Every line of the data below should be retyped exactly, with no images carried over.

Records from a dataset

<<<<

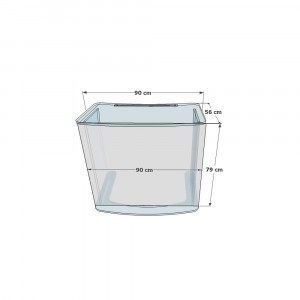 Il mesure 90 cm de largeur et 56 cm de profondeur, avec une hauteur de 79 cm.
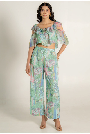Floral Set - Ruffle Top & Wide Leg Pants
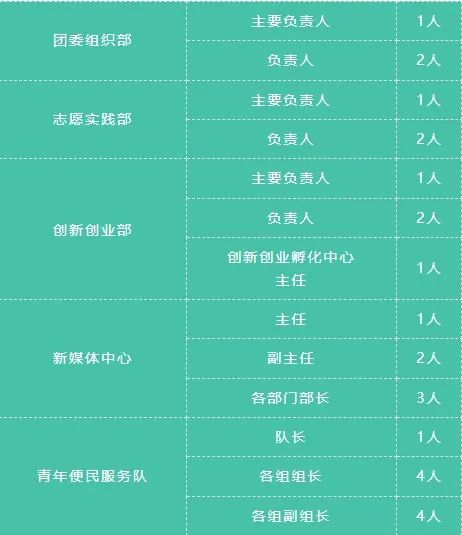 组织部、志愿实践部、创新创业部、新媒体中心、青年便民服务队
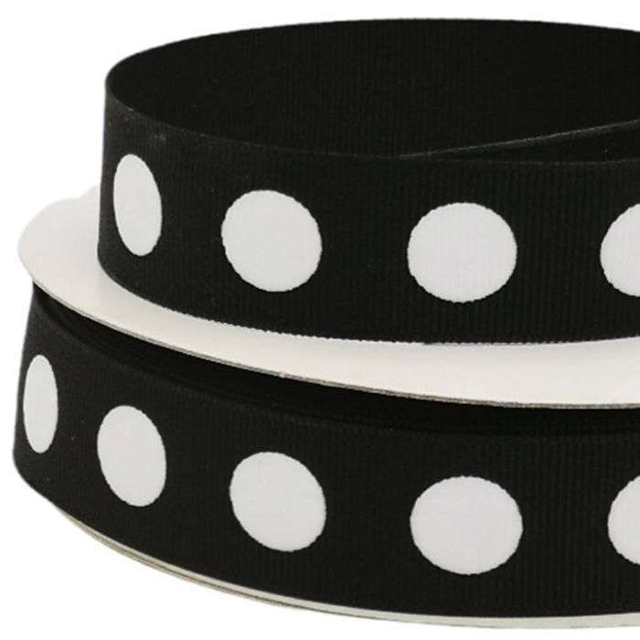 3 Rollos de Listón Popotillo Lunares Círculos Negro con 25 mts c/u Ancho:24 mm Mod.HE138-B82
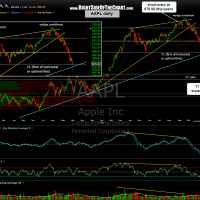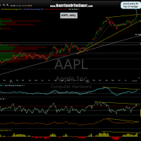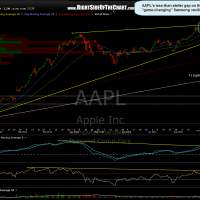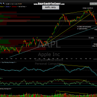 AAPL has hit the first and only target (565) on the long trade entered on Friday morning for a quick 9.5%+ gain. I personally sold all my shares including the last of my QQQ calls taken Friday as well. For those who took AAPL and would prefer to hold the stock (and I’m sure there are quite a few out there that do), I could easily see AAPL continuing higher to at least the 576 area, which is that grey horizontal resistance line as well as the 200ema on the updated daily chart below. As I only took AAPL as an oversold, bounce-off-key-support trade, I prefer to book full profits and risk giving some back holding out for a little more upside in the stock. In other words, I think that we milked the bulk of the favorable R/R out of this trade already, especially when considering the benefits of what I refer to as velocity in trading. I’m also winding down positions for the holiday shortened week as well. AAPL will now be removed from the Active Trades- Long category and I will likely be looking to add this trade back on as a short just below the 576 area, maybe even sometime this week.
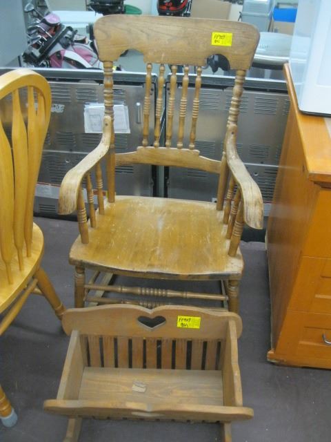 VINTAGE ROCKING CHAIR & A MAGAZINE RACK
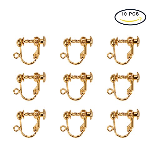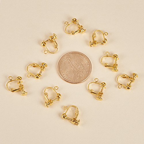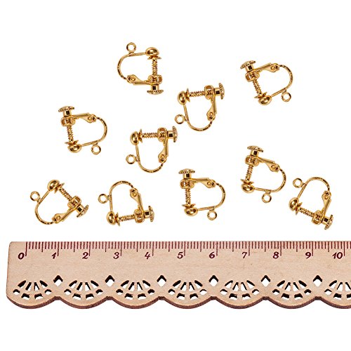 Pandahall 10pcs Golden Brass Clip-on Earring Components for Non-pierced Ears 13.5x17x5mm
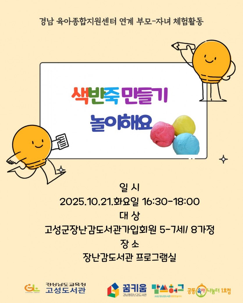 ■ 고성군공동육아나눔터1호점& 경남육아종합지원센터 연계 부모-자녀 체험활동 [색반죽 만들기 놀이해요] <<선정자 발표>> |

>>>>

Response to this exercise
 Il mesure 90 cm de largeur et 56 cm de profondeur, avec une hauteur de 79 cm.
Floral Set - Ruffle Top & Wide Leg Pants
 组织部、志愿实践部、创新创业部、新媒体中心、青年便民服务队
 3 Rollos de Listón Popotillo Lunares Círculos Negro con 25 mts c/u Ancho:24 mm Mod.HE138-B82
 AAPL has hit the first and only target (565) on the long trade entered on Friday morning for a quick 9.5%+ gain. I personally sold all my shares including the last of my QQQ calls taken Friday as well. For those who took AAPL and would prefer to hold the stock (and I’m sure there are quite a few out there that do), I could easily see AAPL continuing higher to at least the 576 area, which is that grey horizontal resistance line as well as the 200ema on the updated daily chart below. As I only took AAPL as an oversold, bounce-off-key-support trade, I prefer to book full profits and risk giving some back holding out for a little more upside in the stock. In other words, I think that we milked the bulk of the favorable R/R out of this trade already, especially when considering the benefits of what I refer to as velocity in trading. I’m also winding down positions for the holiday shortened week as well. AAPL will now be removed from the Active Trades- Long category and I will likely be looking to add this trade back on as a short just below the 576 area, maybe even sometime this week.
 VINTAGE ROCKING CHAIR & A MAGAZINE RACK
 Pandahall 10pcs Golden Brass Clip-on Earring Components for Non-pierced Ears 13.5x17x5mm
 ■ 고성군공동육아나눔터1호점& 경남육아종합지원센터 연계 부모-자녀 체험활동 [색반죽 만들기 놀이해요] <<선정자 발표>> |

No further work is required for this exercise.